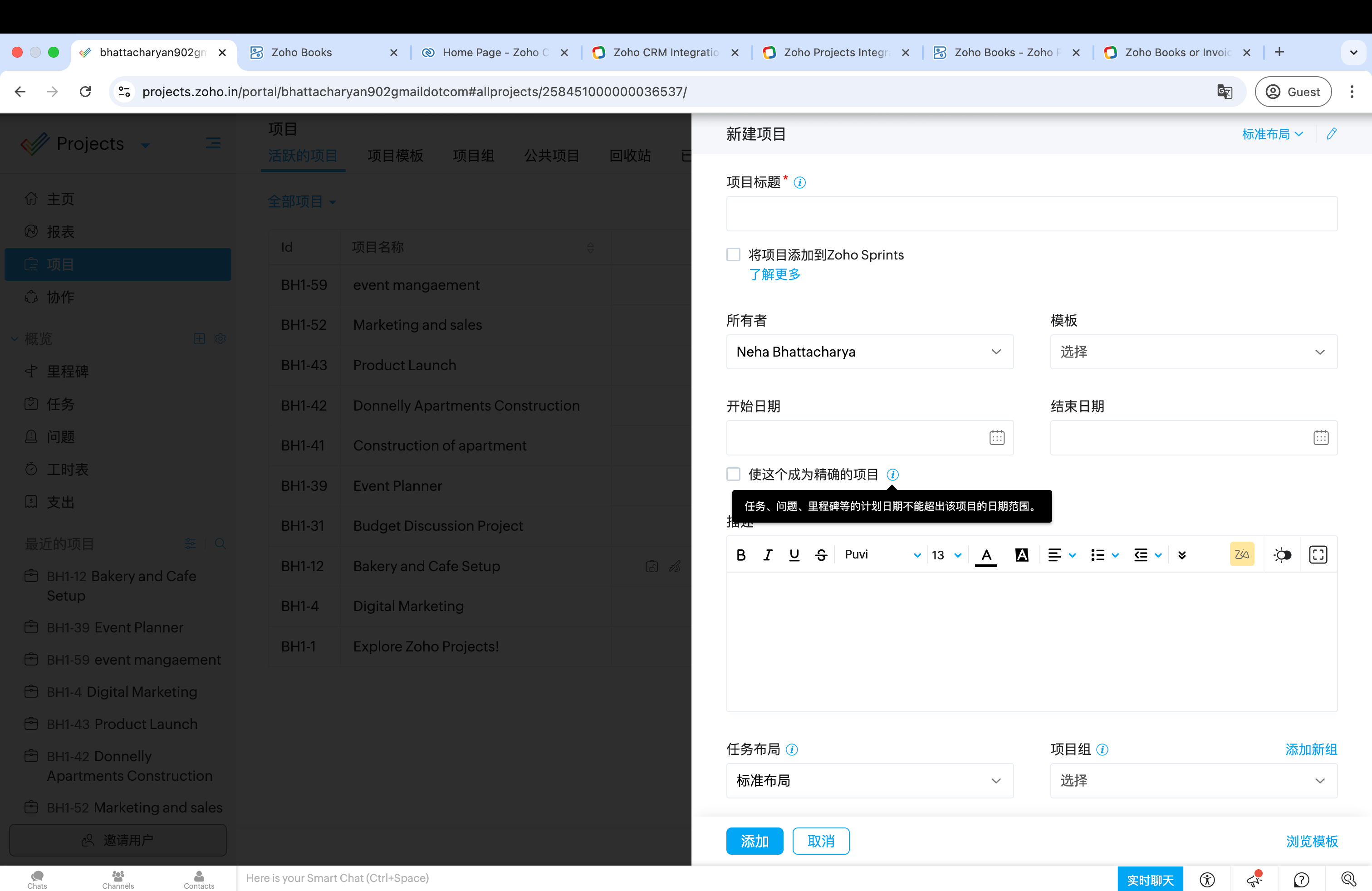 如果您将其设为精确项目,则项目模块(如阶段、任务等)的开始和结束日期必须在预定的项目开始日期和结束日期之内。
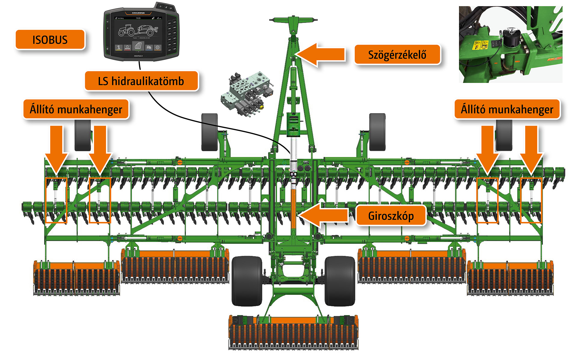 Ennek a kihívásnak a megoldására az AMAZONE az Agritechnica 2025 kiállításon bemutatja az AutoLane nevű új, innovatív rendszert, amely kiegyenlíti a rövidtárcsák domboldali eltérülését, és kompenzálja a dupla áthaladásokat és a területek kimaradását domboldalon és változó talajviszonyok között. Ennek során a vontatott rövidtárcsa traktorhoz képesti eltérülését egy szögérzékelő folyamatosan méri, az AmaTron 4 ISOBUS terminál pedig feldolgozza. A rövidtárcsa dőlésszögét domboldalakon egy giroszkóp méri aktív helyzetméréssel.
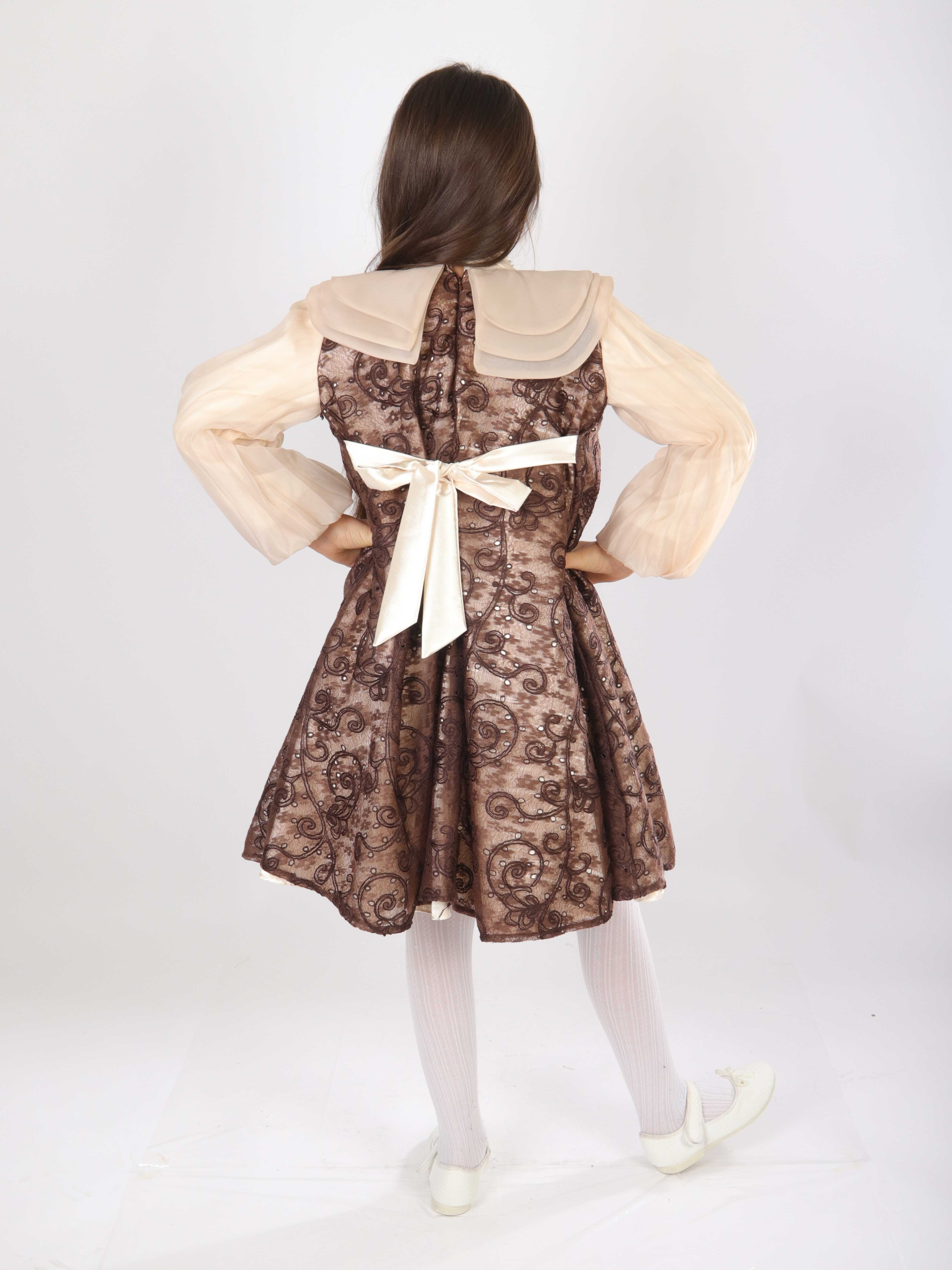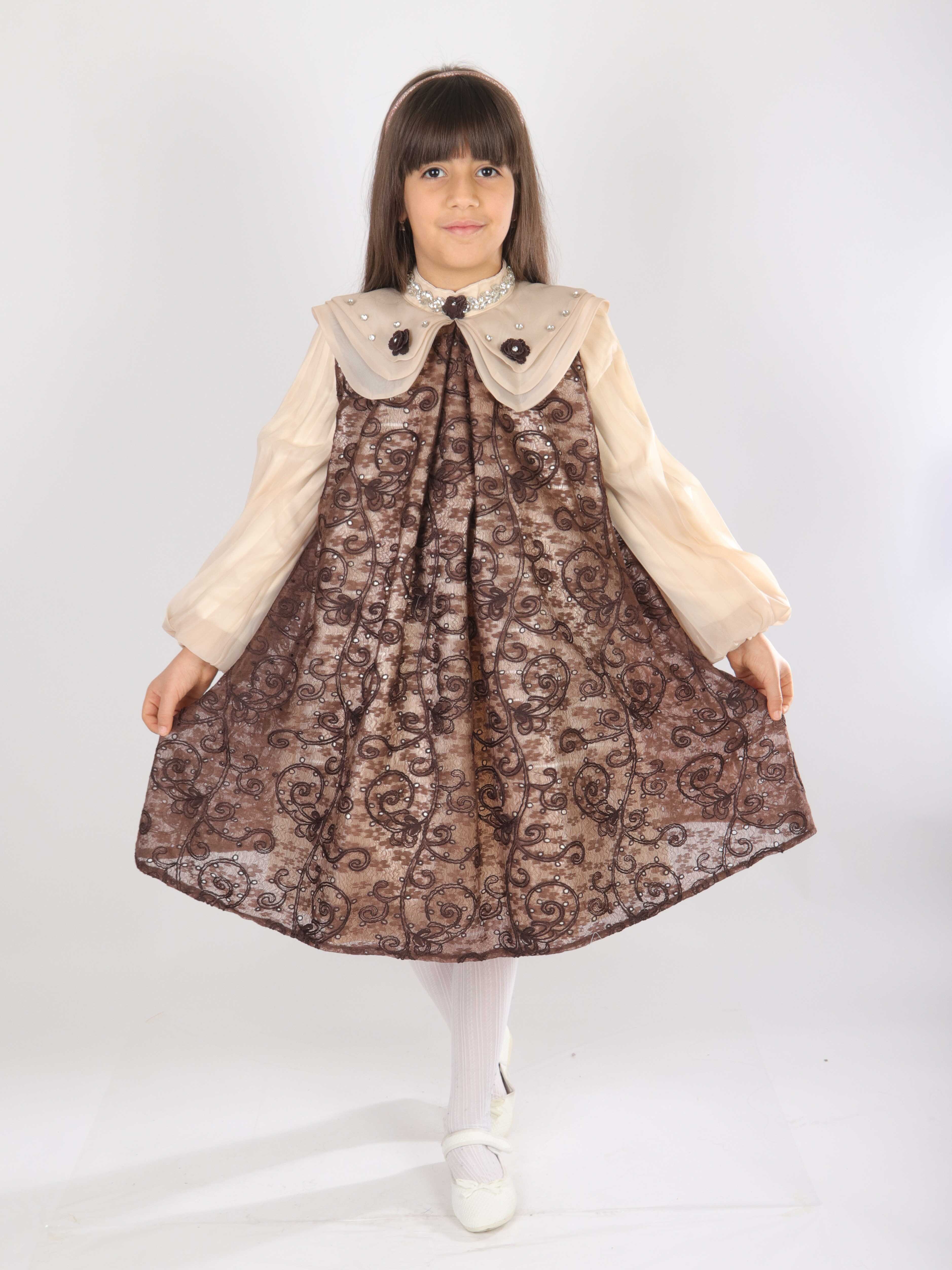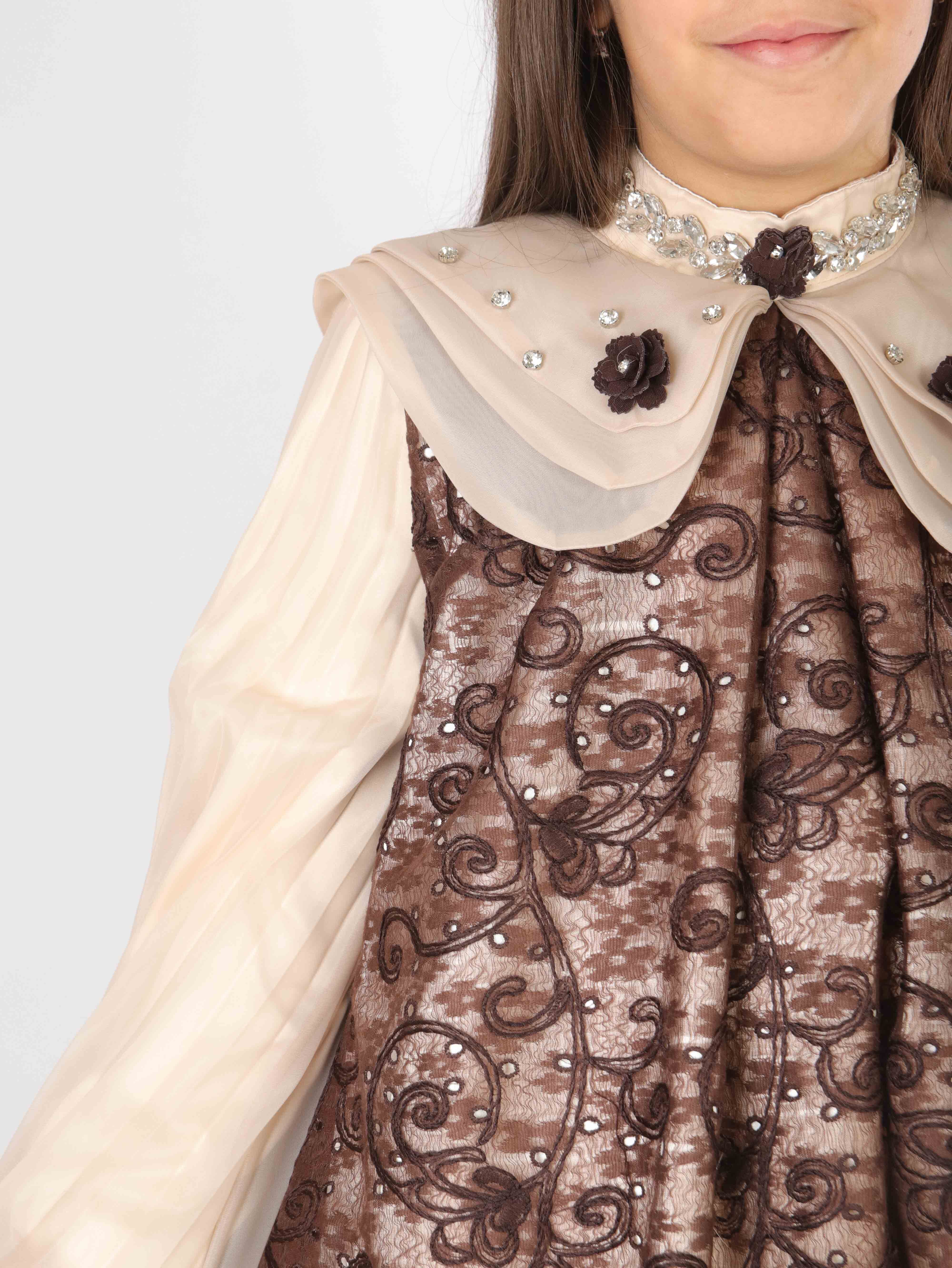 Bu şık kız çocuk elbisesi, bahar ayları için özel olarak tasarlanmış zarif bir modeldir. Uzun, pileli ve şeffaf krem renkli kollara sahip olan elbise, kahverengi işlemeli dantel dış katmanıyla dikkat çeker. Geniş, kat kat ve süslemeli yakası ile klasik ve büyüleyici bir görünüm sunar. Belde saten kurdeleyle bağlanarak hem estetik hem de rahat bir kullanım sağlar. Elbisenin midi boyu, çocukların özgürce hareket etmesine olanak tanır. Özel günler ve davetler için ideal, zarif ve şık bir seçimdir.
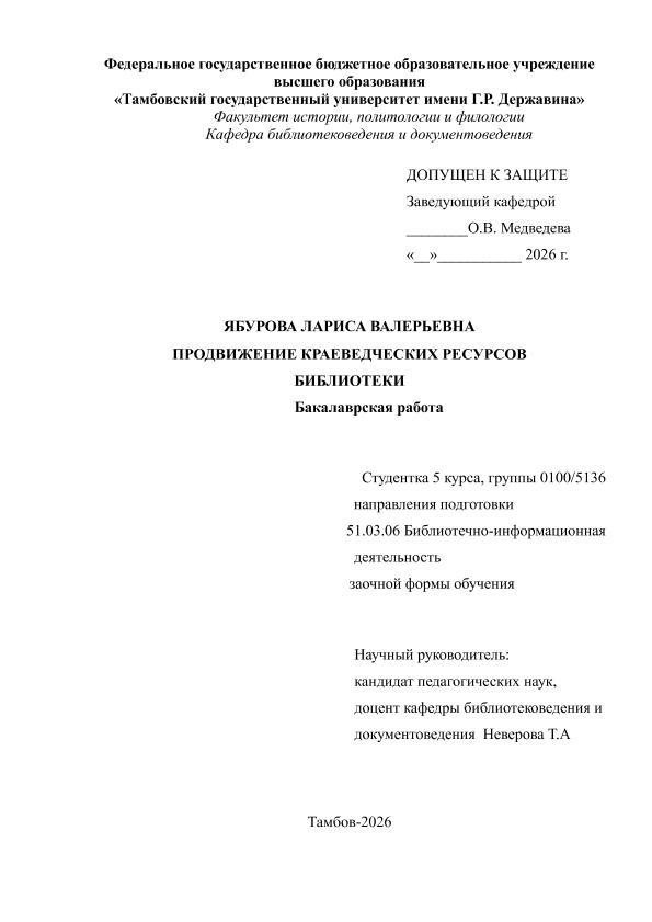 ЯБУРОВА, ЛАРИСА ВАЛЕРЬЕВНА. ПРОДВИЖЕНИЕ КРАЕВЕДЧЕСКИХ РЕСУРСОВ БИБЛИОТЕКИ [Электронный ресурс]: бакалаврская работа: 51.03.06 Библиотечно-информационная деятельность: Заочная форма обучения / Л. В. ЯБУРОВА; ТГУ им. Г. Р. Державина ; науч. рук. к. пед. н., доцент, Т. А. Неверова. — Электрон. текстовые дан. (1 файл). — Тамбов, 2026. — Загл. с титул. экрана. — <URL:https://elibrary.tsutmb.ru/dl/docs/vkr18849.pdf>.

● Exercise description
Reproduce the whole listing word for word, setting aside any pictures.

● Solution below
 如果您将其设为精确项目,则项目模块(如阶段、任务等)的开始和结束日期必须在预定的项目开始日期和结束日期之内。
 Ennek a kihívásnak a megoldására az AMAZONE az Agritechnica 2025 kiállításon bemutatja az AutoLane nevű új, innovatív rendszert, amely kiegyenlíti a rövidtárcsák domboldali eltérülését, és kompenzálja a dupla áthaladásokat és a területek kimaradását domboldalon és változó talajviszonyok között. Ennek során a vontatott rövidtárcsa traktorhoz képesti eltérülését egy szögérzékelő folyamatosan méri, az AmaTron 4 ISOBUS terminál pedig feldolgozza. A rövidtárcsa dőlésszögét domboldalakon egy giroszkóp méri aktív helyzetméréssel.
 Bu şık kız çocuk elbisesi, bahar ayları için özel olarak tasarlanmış zarif bir modeldir. Uzun, pileli ve şeffaf krem renkli kollara sahip olan elbise, kahverengi işlemeli dantel dış katmanıyla dikkat çeker. Geniş, kat kat ve süslemeli yakası ile klasik ve büyüleyici bir görünüm sunar. Belde saten kurdeleyle bağlanarak hem estetik hem de rahat bir kullanım sağlar. Elbisenin midi boyu, çocukların özgürce hareket etmesine olanak tanır. Özel günler ve davetler için ideal, zarif ve şık bir seçimdir.
 ЯБУРОВА, ЛАРИСА ВАЛЕРЬЕВНА. ПРОДВИЖЕНИЕ КРАЕВЕДЧЕСКИХ РЕСУРСОВ БИБЛИОТЕКИ [Электронный ресурс]: бакалаврская работа: 51.03.06 Библиотечно-информационная деятельность: Заочная форма обучения / Л. В. ЯБУРОВА; ТГУ им. Г. Р. Державина ; науч. рук. к. пед. н., доцент, Т. А. Неверова. — Электрон. текстовые дан. (1 файл). — Тамбов, 2026. — Загл. с титул. экрана. — <URL:https://elibrary.tsutmb.ru/dl/docs/vkr18849.pdf>.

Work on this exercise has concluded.